Im Laufe der Jahre wurde sein Sakko zur Beule. Sein Hut war ihm am Kopf angewachsen. Nur selten steckte in seinem Mundwinkel kein Krummer Hund. Seine Augen waren Knöpfe, denen keine Bewegung entging. Es lag wohl an seinem Schielen, daß sein Blick überall zugleich war. Seine Schuhe knarrten meine halbe Kindheit lang hinter meinem Rücken. Tagaus, tagein schlich er in Begleitung seines Krummen Hunds um den Bahnhof herum, redete mit niemandem, sah alles, während dem Krummen Hund darüber das Feuer ausging. Er sah mich durch den Maschendraht klettern und über die Gleise flitzen, sah mich am Bahnhofsbuffet zehn Mannerstollwerk zu einem Schilling kaufen (wenn ich den Schilling genau hatte, konnte mich die Frau am Buffet nicht betrügen), sah mich zurückflitzen über die Gleise und durch das Loch im Maschendraht verschwinden. Unser Haus lag nur einen Steinwurf vom Bahnhof entfernt, was mich zum Bahnhofspezialisten machte. Ein Bahnhofspezialist ist zugleich einer für Abreisen und Ankommen, ein Sehnsuchtsspezialist.

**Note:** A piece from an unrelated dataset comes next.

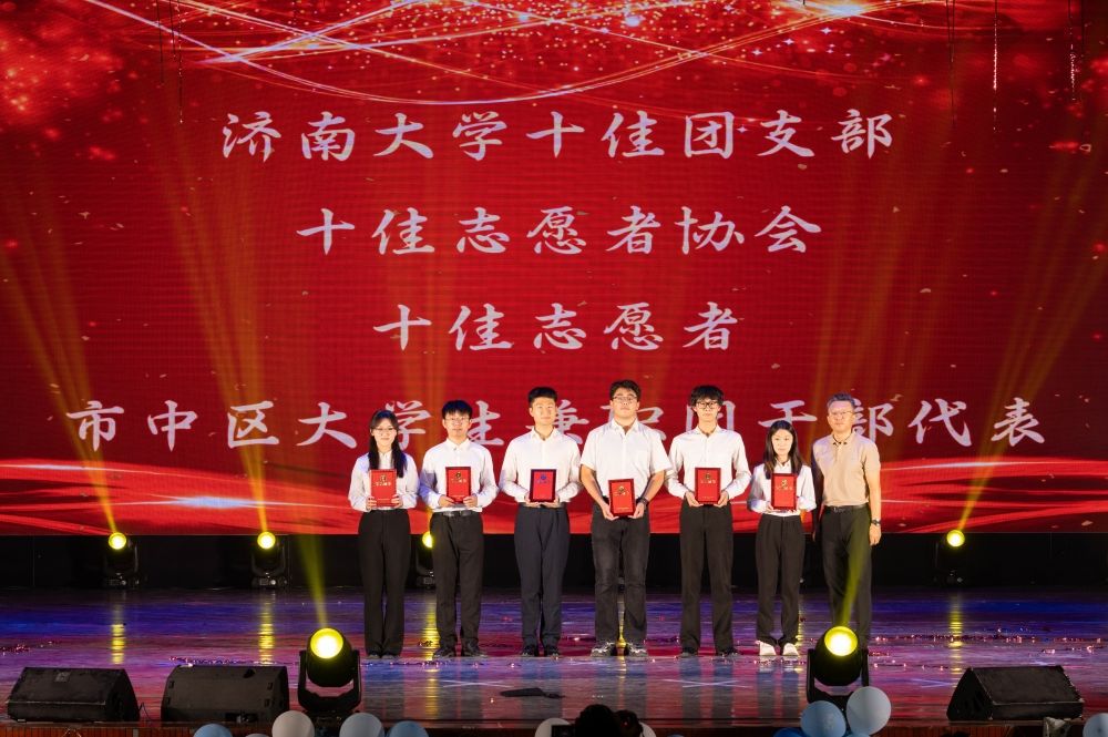 为表彰先进,树立榜样,集中展示学院育人成果,学院对表现突出的“朋辈之星”学生代表进行表彰。续铁为宋健奖学金获得者颁奖,李强为济大繁星·求真之星、太阳集团tyc234cc生润生生涯奖学金获得者颁奖,党委保卫部、安全管理处部(处)长李荣光为国家奖学金获得者代表颁奖,教务处处长、教学质量与评估办公室主任、招生办公室主任陈贞翔为科创竞赛国家级奖励学生代表颁奖,校团委书记胡春毅为太阳集团tyc234cc十佳团支部、十佳志愿者协会、十佳志愿者、市中区大学生兼职团干部代表颁奖,党委宣传部文化中心主任赵华磊和党委学生工作部(处)副部(处)长马杰共同为优秀毕业生代表颁奖。

Es mag an seinem Schielen gelegen haben, daß man meinen konnte, er starre einen an, egal wo man auch ging. Wenn ich über die Gleise flitzte sah er mich, wenn nicht er, dann doch sein Krummer Hund.
Es fuhren zwar nur selten Züge ein, aber die Sehnsucht schlief nie. Die Sehnsucht hauste am Bahnhof in Gestalt von einsamen Männern mit dunklen Augen, die als Schatten durch die Bahnhofshalle schlurften. Zwei oder drei von ihnen standen zusammen und sprachen eine rauhe erdige Sprache. In den im Rücken verschränkten Händen wanderten Gebetsketten.
In den Augen dieser Männer spiegelten sich einsame Ebenen unter sengender Sonne. Diese Männer standen anders beisammen. Ein Murmeln war da, ein stummes Zusammengehören, ein gemeinsam getragenes Leid. Diese Männer waren frei, sie hatten ihr fernes Anatolien hinter sich gelassen, doch die Freiheit war größer als sie. Sie gingen am Bahnhof schlurfend in Deckung.
Wie ein Trabant umkreiste sie der Mann mit den Knopfaugen, dessen Kopf immer schräg stand wie eine Tanne nach verheerendem Sturm. Hinkte er schon immer? Er war in seinen eigenen Schrittkreis eingeschlossen, den er unaufhörlich abschritt. Er war das Glotzermännle, so nannten wir ihn, er glotzte die Welt an, doch die Welt sah nicht zurück, sie übersah ihn, der hier auf dem schäbigen Bahnhof in Deckung ging. Er schritt seinen Kreis mit der verzweifelten Geduld eines Menschen ab, dessen Zeit in sich zusammengebrochen ist. Es hieß, er warte auf seinen Sohn, der aus dem Krieg nicht nach Hause gekommen war. Der Krieg, das war die gefrorene Zeit selbst, der Krieg am Ende der Zeit.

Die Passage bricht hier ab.